A Arábia Saudita é acusada de modificar o texto oficial de negociação da COP29, conferência do clima da ONU (Organização das Nações Unidas) que acontece em Baku, no Azerbaijão, segundo o jornal britânico The Guardian.
Um delegado da Arábia Saudita é acusado de ter feito alterações diretas em um documento oficial de negociação da cúpula, de acordo com reportagem publicada neste sábado (23).
Os documentos são geralmente compartilhados entre os países em formato PDF não editável, para que os envolvidos apenas leiam as versões e possam discutir posteriormente mudanças. Para a Arábia Saudita, teria havido tratamento diferente, com acesso para edição liberado pela presidência da COP29, que está a cargo da diplomacia do Azerbaijão.
“Esse tipo de comportamento de uma presidência coloca toda esta COP em risco”, disse, ao Guardian, Catherine Abreu, diretora do International Climate Politics Hub.

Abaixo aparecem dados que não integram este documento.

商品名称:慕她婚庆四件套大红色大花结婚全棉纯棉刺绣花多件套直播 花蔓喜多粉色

“Dar a uma parte acesso para editar esses documentos, e uma parte conhecida por seu objetivo de reverter o acordo global histórico feito no ano passado para a transição dos combustíveis fósseis para energia renovável e eficiência energética, sugere uma preocupante falta de independência e objetividade, e claramente contraria tanto o espírito quanto as regras deste processo”, afirmou também.

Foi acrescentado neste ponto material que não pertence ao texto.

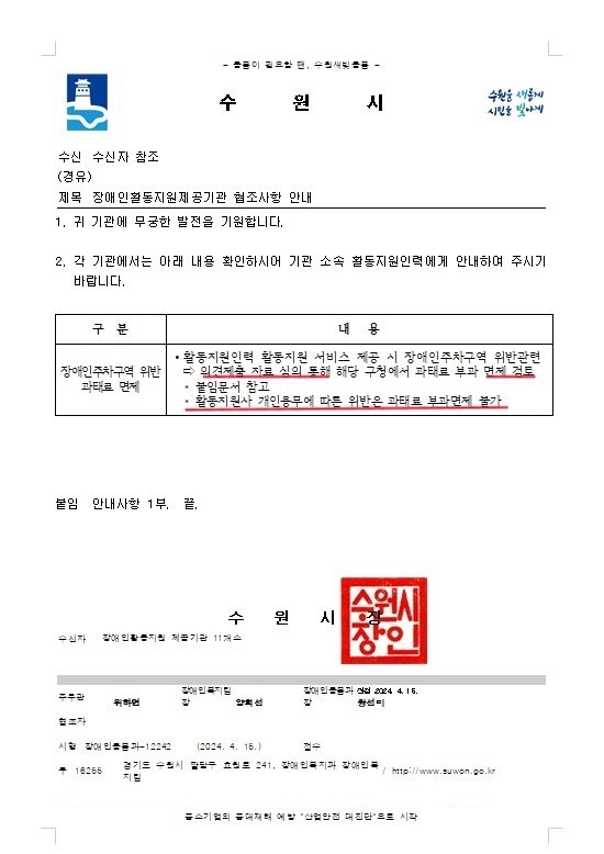 장애인 주차구역 과태료에 대한 안내(보행장애 이용자 활동지원 근무 중 발생분 면제 검토)

Procuradas pelo Guardian, a presidência da COP29, a Convenção-Quadro das Nações Unidas sobre Mudança do Clima (UNFCCC, na sigla em inglês) e a delegação saudita não comentaram.

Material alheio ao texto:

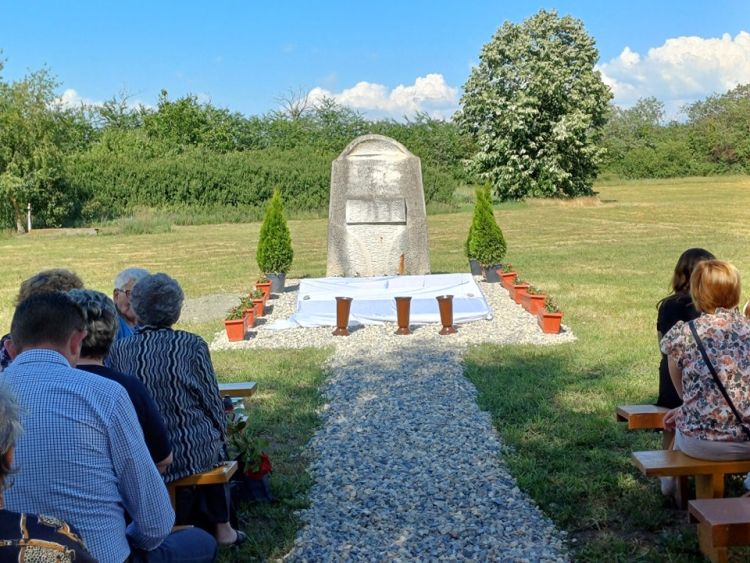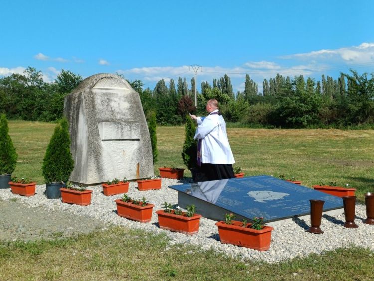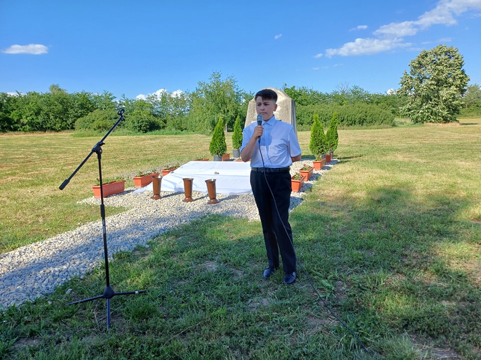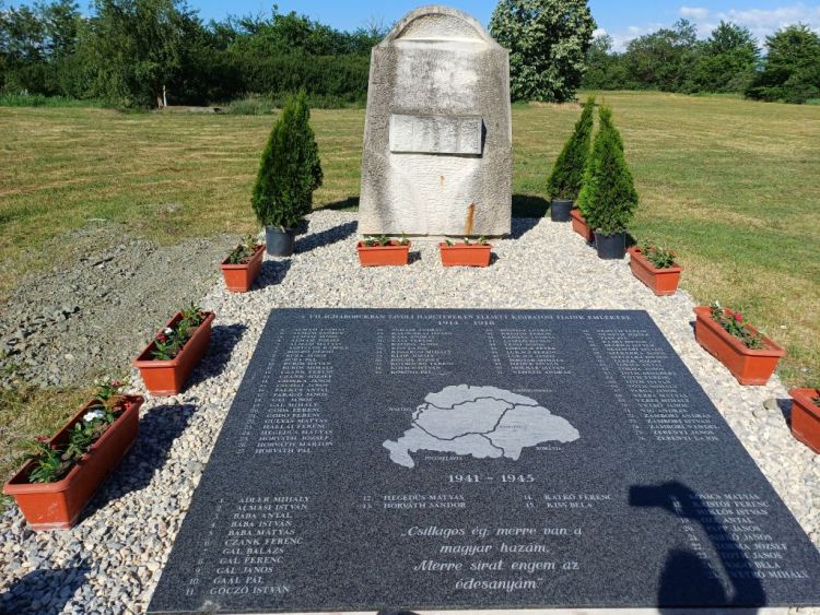Az emlékmű előtt egy gránit tábla található, ami 76 első világháborús és 25 második világháborús hős nevét tartalmazza, és a történelmi Magyarország térképét ábrázolja. Pataky Lehel Zsolt is jelen volt az ünnepségen. Hallgassa meg a riportot, amely a Kossuth Rádió Határok nélkül című műsora számára készült:

A conclusão da COP29 está atrasada. A cúpula, que deveria ter terminado na sexta (22), conseguiu abrir a plenária final apenas na noite deste sábado em Baku (tarde no Brasil). A sessão durou cerca de uma hora e meia e foi pausada. Há expectativa de que seja retomada nas próximas horas.
O desfecho depende de um acordo entre os países para o principal tema desta edição, o financiamento climático. Os países em desenvolvimento pedem US$ 1,3 trilhão por ano para o financiamento climático, enquanto a proposta apresentada na sexta (22) entregaria US$ 250 bilhões anuais até 2035.
A Arábia Saudita, potência do petróleo, tem agido para bloquear menções a combustíveis fósseis nas decisões, numa tentativa de minar o resultado da última conferência do clima, a COP28, de Dubai. No encontro de 2023, os países concordaram em fazer uma transição dos combustíveis fósseis, em decisão histórica.
“O grupo não aceitará nenhum texto que aponte contra setores específicos, incluindo as energias fósseis”, disse Albara Tawfiq, representante saudita, em sessão plenária da COP29 na quinta-feira (21). A Arábia Saudita preside o grupo árabe na conferência climática deste ano.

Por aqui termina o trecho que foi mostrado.